If there’s one criticism I could level at Umbrella Academy, it's that I hope that as Gerard Way develops as a writer he understands that there’s sometimes a fine line between righteous indignation and overbearingly whiny self-pity. To invoke comedian Artie Lange, there are a lot of “Wah” moments in this mini: “Wah! My daddy didn’t love me enough” “Wah! My adopted sister doesn’t wanna go out with me!” “Wah! My father stuck my head on the body of a gorilla” Well, okay, maybe we’ll let that last one slide. All this angsting and drama might be more palatable if the heroes were teenagers, but they’re all entering their thirties. Shouldn’t they have gained a little perspective by now? At some points I wanted to reach into the comic and grab some of these characters by the shoulders, shake em around a bit and tell them to grow a set and stop being such crybabies.

But enough grousing-- back to the unbridled heaping of praise! Let’s talk about the phenomenal Gabriel Ba, who as far can see is the absolute perfect artist for this material. His art is stylized without being overly-cartoony, incredibly imaginative and successful at combining all the bizarre elements Way feverishly worked into his script and convincingly making them co-exist in the same startling world. There’s so much great stuff to look at here, the word balloons sometimes just seem like merely a special added bonus. I took such a liking to Ba’s style, I immediately placed my order for Casanova, the espionage book he did for Image with Matt Fraction.

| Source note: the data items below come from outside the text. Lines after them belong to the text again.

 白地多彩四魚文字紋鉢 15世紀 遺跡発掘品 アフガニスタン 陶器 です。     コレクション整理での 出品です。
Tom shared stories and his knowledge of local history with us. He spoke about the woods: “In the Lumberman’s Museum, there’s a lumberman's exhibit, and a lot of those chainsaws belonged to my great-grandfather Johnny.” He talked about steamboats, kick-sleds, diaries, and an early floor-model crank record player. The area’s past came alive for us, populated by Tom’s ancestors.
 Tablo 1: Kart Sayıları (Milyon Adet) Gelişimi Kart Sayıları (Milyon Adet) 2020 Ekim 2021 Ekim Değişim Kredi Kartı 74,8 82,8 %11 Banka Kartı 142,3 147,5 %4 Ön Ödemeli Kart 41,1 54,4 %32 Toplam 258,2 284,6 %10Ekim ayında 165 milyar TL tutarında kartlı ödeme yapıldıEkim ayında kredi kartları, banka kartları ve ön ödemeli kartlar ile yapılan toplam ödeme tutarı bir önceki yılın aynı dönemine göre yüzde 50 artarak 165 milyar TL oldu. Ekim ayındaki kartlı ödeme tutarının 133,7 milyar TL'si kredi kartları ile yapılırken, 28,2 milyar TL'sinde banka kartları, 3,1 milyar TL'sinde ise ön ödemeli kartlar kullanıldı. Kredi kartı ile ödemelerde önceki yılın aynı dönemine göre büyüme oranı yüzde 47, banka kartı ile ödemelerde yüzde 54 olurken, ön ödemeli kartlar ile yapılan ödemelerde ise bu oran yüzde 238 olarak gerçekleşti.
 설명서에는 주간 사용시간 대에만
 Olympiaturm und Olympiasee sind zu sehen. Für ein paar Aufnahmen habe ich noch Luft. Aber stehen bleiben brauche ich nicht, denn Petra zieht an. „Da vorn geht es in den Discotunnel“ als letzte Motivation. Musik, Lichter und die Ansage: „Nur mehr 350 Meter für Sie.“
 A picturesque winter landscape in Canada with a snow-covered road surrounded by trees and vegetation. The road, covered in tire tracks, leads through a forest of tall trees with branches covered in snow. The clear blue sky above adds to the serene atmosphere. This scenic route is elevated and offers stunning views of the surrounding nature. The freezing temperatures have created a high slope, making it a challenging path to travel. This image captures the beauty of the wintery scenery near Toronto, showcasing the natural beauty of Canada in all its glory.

Like Grant Morrison before him, Gerard Way is absolutely bursting with ideas, so much so that there are throwaway lines and unresolved plot threads that could fuel future Umbrella Academy epics for years to come. There is, of course, the question of the children’s birth: how did they come to be born and what was the fate of the other 36 babies? And if they were born all over the world, why are they all Caucasian? And what the heck does a burly wrestler defeating a giant squid alien in the ring have to do with it? Also, the fact that Hargreeves was an extraterrestrial was mentioned just once in this book, and then never brought up again. Happily, although Way is presumably quite busy with his day job (from what I understand he bums around playing in a band), he is already hard at work on the sequel miniseries Umbrella Academy: Texas, in which we will very likely learn more about Number 5 and his time-tossed misadventures. Pick up the first issue (released last week) and this trade and you will be all up to speed on the most imaginative and fun superteam to come along in quite some time. And if you consider how many superhero teams there are glutting up the market, that’s really saying something.

Rating: 9.5/10

1 comment:

Anonymous said...

Finally you review something I've actually read. I picked this one up when it came out just for Ba's art -- I wouldn't know Gerard Way from the Appian Way, but I'd already read Casanova and knew I wanted to see more from that guy. Good thing it turned out that Way can write too.

If you like Ba, you also ought to keep an eye out for his equally talented brother, Fabio Moon (who did the second "album" of Casanova with Fraction). Moon's art is a little wilder and less detailed than Ba's, but no less great in its own way.